Por isso, segundo especialistas ouvidos pela GloboNews, a discussão neste momento não é sobre um possível julgamento de Moraes, mas sobre se a investigação pode prosseguir e se os elementos produzidos pela PF são válidos. A Constituição estabelece regras diferentes conforme o tipo de responsabilização: Em caso de crime comum, como corrupção ou prevaricação, cabe ao próprio STF processar e julgar seus ministros. Já em caso de crime de responsabilidade, a competência é do Senado Federal.
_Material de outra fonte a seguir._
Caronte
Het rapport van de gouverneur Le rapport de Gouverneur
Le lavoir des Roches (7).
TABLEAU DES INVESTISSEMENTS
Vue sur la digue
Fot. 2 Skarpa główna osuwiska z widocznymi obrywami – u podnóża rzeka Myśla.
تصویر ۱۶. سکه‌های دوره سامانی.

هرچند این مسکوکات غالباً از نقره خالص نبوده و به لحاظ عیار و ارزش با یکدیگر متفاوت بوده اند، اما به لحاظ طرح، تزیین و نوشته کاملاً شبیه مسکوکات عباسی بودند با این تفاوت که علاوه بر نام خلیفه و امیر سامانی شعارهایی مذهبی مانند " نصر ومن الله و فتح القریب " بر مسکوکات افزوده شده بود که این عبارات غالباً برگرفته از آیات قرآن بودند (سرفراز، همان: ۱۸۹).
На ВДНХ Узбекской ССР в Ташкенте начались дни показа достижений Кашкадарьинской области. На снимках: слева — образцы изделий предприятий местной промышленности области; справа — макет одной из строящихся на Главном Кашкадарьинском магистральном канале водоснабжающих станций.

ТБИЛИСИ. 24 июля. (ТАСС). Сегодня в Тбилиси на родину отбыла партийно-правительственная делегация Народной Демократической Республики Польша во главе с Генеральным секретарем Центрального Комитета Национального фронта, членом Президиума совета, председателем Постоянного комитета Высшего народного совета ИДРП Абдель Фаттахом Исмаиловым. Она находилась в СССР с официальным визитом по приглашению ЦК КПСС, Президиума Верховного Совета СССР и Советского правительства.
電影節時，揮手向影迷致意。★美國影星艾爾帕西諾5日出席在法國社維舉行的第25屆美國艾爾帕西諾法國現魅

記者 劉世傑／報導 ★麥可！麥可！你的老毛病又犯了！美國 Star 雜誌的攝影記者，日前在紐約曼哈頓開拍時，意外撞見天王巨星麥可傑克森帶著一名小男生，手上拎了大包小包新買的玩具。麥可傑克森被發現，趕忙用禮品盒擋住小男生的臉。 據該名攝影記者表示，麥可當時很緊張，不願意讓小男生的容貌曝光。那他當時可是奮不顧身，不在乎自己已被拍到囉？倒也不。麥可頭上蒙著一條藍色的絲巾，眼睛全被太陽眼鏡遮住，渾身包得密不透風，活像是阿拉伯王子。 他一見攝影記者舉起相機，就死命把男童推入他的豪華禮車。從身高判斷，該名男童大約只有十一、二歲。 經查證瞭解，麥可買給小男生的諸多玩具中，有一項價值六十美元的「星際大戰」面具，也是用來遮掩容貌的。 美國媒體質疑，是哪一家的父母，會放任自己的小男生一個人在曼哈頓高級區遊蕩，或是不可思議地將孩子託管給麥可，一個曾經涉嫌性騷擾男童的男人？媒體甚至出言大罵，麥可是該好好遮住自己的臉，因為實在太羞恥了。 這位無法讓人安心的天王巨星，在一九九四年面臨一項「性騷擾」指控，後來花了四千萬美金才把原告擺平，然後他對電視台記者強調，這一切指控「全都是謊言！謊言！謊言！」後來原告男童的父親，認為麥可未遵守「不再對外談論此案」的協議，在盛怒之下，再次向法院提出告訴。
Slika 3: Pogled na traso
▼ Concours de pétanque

Por isso, é preciso saber primeiro a natureza da conduta atribuída. A Lei Orgânica da Magistratura Nacional (Loman) também estabelece uma regra específica para investigações envolvendo magistrados.
Ela determina que, "quando surgirem indícios de crime atribuídos a um magistrado durante uma investigação, a autoridade policial deve encaminhar os autos ao tribunal ou órgão especial competente para que a apuração prossiga." A regra reforça que, identificados indícios de crime envolvendo um magistrado, a investigação passa a tramitar sob a competência do tribunal responsável pelo julgamento. Como funciona o impeachment de ministros do STF?
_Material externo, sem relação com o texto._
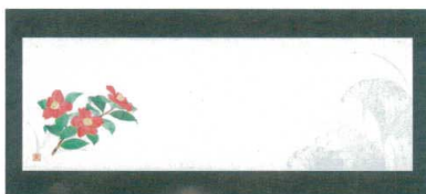
10-175-17 箸置マット (100枚単位) B-27-86 雲流入 赤椿 (11月~12月) ¥1,350 (1枚 ¥13.5) (38×13)
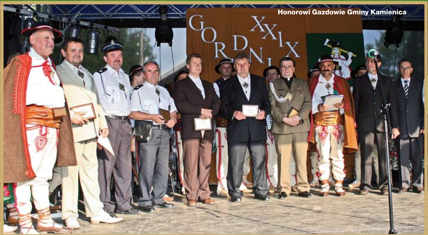
Honorowi Gazdowie Gminy Kamienica
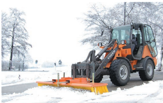
Intervention en hiver : bema 11 Multi-Clean monté sur chargeuse à pneus
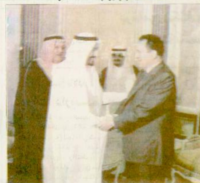
□ سمو الأمير متعب يودع الرئيس المصري □
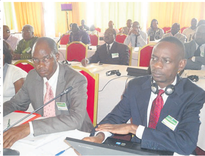
Le représentant du Congo (droite) au séminaire de Yaoundé

Par conséquent, les participants ont recommandé l'implication des consommateurs, des syndicats des travailleurs et patronaux, des groupes vulnérables (jeunes, femmes, handicapés et populations autochtones) ainsi que des producteurs dans le processus d'élaboration du programme indicatif national de chaque pays. Face au retard qu'accuse l'Afrique centrale dans la conclusion de son accord de partenariat économique avec l'Union européenne, les participants ont reconnu la nécessité de sensibiliser les parties prenantes à la signature de cet
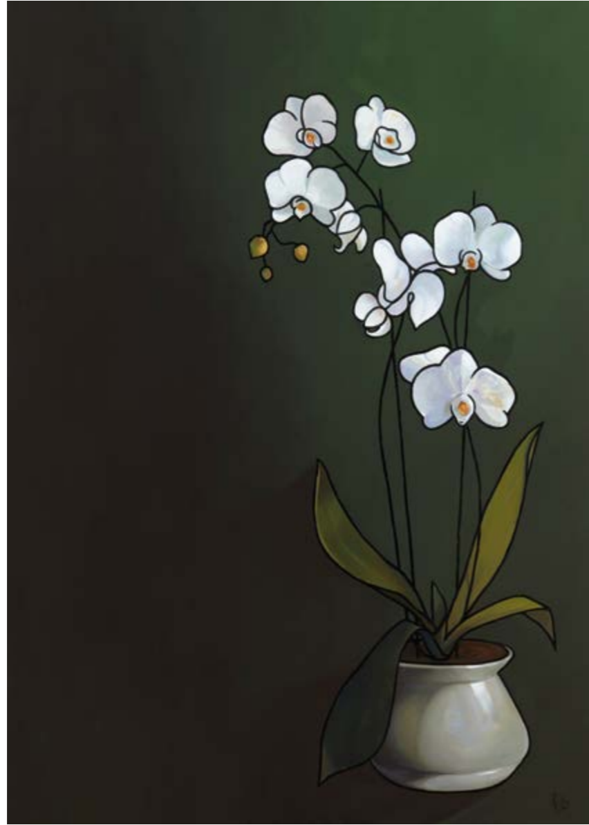
Aixopluc d'urpes humanes (Oli sobre tela, 162x114 cm.)

Em dezembro de 2025, o ministro Gilmar Mendes, do STF, alterou a chamada Lei do Impeachment. Até então, a legislação permitia que qualquer cidadão apresentasse uma denúncia contra ministros do STF ao Senado. A decisão do ministro suspendeu a parte da lei que permitia denúncias por qualquer pessoa.
Conforme a decisão, "somente o Procurador-Geral da República pode formular denúncia em face de membros do Poder Judiciário pela prática de crimes de responsabilidade". Segundo o ministro, isso se justifica porque, "os juízes, temendo represálias, podem se ver pressionados a adotar posturas mais alinhadas aos interesses políticos momentâneos, em vez de garantirem a interpretação imparcial da Constituição e a preservação dos direitos fundamentais".
Na prática, isso promove uma trava a pedidos de abertura de processos contra ministros do Supremo. A Constituição não traz um artigo específico só sobre impeachment de ministros do STF, mas determina que cabe ao Senado Federal processar e julgar esses integrantes por crimes de responsabilidade.
A estrutura é parecida com o impeachment de presidente da República: a denúncia é examinada pelo Senado; há possibilidade de afastamento temporário; e, ao final, o ministro pode perder o cargo e ficar até cinco anos impedido de exercer funções públicas. A Lei do Impeachment lista condutas consideradas graves o bastante para justificar um processo.
Entre elas: julgar um caso quando o ministro deveria ser considerado suspeito; exercer atividade político-partidária; agir com negligência grave no cumprimento das funções; agir de forma incompatível com honra, dignidade e decoro. Essas condutas precisam ser descritas e comprovadas na denúncia feita ao Senado.